Moja skromna osoba już po raz czwarty została nominowana do LBA. Ten blog nominowany został po raz pierwszy. Naprawdę baaaardzo się cieszę, że ponownie zostałam nominowana do LBA, ponieważ jak wiadomo nominacja do LBA oznacza uznanie za dobrze wykonaną pracę, a więc... no cóż... chyba mam prawo być dumna za te cztery nominacje, prawda?
A kto taki mnie nominował? Dolly, której chcę za to baaaaardzo podziękować :)

A oto pytania:

1. Z jakim książkowym/filmowym bohaterem chciałabyś spędzić jeden dzień?

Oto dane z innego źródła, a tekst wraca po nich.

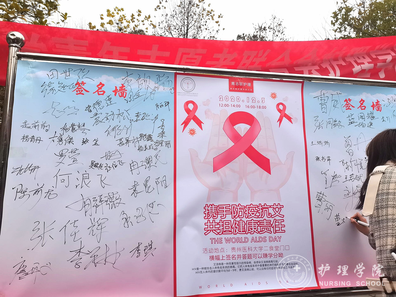 在活动现场,同学们认真的向大家宣传防艾知识,通过艾滋病知识问答的形式,使同学们了解到艾滋病的危害和传播途径,增强防艾意识,树立“预防艾滋病、从自身做起”的理念,筑起防艾的第一道防线。青分会还通过到活动现场抽取礼品、艾滋病宣传签字墙签字等形式使学生们有了更强的参与感,更加重视艾滋病的防治。最后,青分会还录制了具有护理专业特色的防治艾滋病知识宣传视频,让同学们增强防艾意识,使更多人坚定参与防艾斗争的决心,担当起健康责任。

Myślę, że to nie będzie zaskoczeniem, jeśli odpowiem: Finnick.
Tak, więc... Finnick. 
No bo ja go po prostu kocham ♥
Ale... bohaterowie, z którymi chciałabym spędzić jeden dzień to również: 
Fred i George Weasley'owie (lubiłam ich od początku, ale z każdym ich kolejnym żartem, albo tekstem lubię ich jeszcze bardziej :D)... ogólnie mogłabym tu wymienić z milion jeszcze innych bohaterów, ale jako, że pytanie jest o jednego bohatera to i tak napisałam trochę za dużo :D

2. Chciałabyś przenieść się do świata swojej ulubionej książki/filmu?

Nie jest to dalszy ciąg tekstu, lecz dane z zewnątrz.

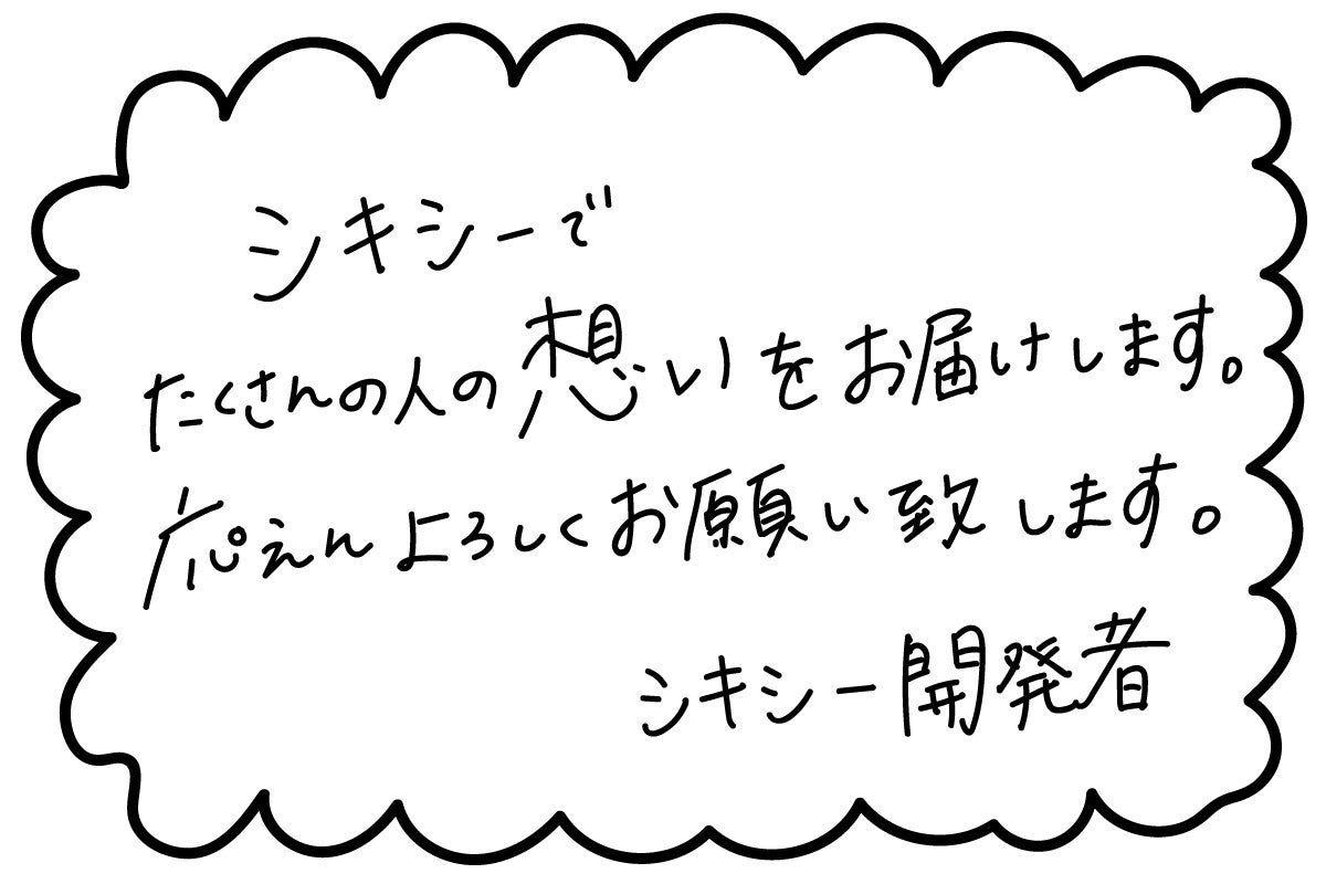 オンラインで寄せ書きができる色紙アプリ「シキシー」の開発者です。

Z jednej strony tak, a z drugiej tak niekoniecznie...
Ogólnie to są dwa światy (oczywiście świat z Igrzysk Śmierci, ale ostatnio również oszalałam na punkcie Harry'ego Pottera, więc... no właśnie :D), najpierw zajmijmy się światem Igrzysk Śmierci...
Czy chciałabym żyć w Panem? Hmmm... trochę tak, a trochę nie.
Gdybym żyła w moim ukochanym dystrykcie (oczywiście chodzi tu o Czwórkę) to nie było by aż tak źle, bo jest nad Morzem (a ja naprawdę koooocham Morze... i morskie jedzenie :D), zwycięzcą jest Finnick, więc mogłabym go spotkać, a poza tym... jest to dystrykt zawodowców, więc jeśli zostałabym wylosowana (co z moim szczęściem jest baaardzo prawdopodobne) to są jakieś szanse na to, że ktoś by się za mnie zgłosił. W Kapitolu nie chciałabym żyć, a mimo, że bardzoo lubię Siódemkę i Dwunastkę to raczej tam też nie chciałabym żyć. Cóż... więc wychodzi na to, że jeśli miałabym przenieść się do Czwórki to w sumie byłabym na tak, chociaż ogólnie życie w Panem to (mimo iż naprawdę KOCHAM Igrzyska Śmierci i tamten świat) nie jest zbyt kusząca propozycja. No bo wiadomo... Głodowe Igrzyska, a potem Rebelia Kosogłosa...
Teraz czas na Harry'ego Pottera... tu jestem bardziej na "tak" niż na "nie".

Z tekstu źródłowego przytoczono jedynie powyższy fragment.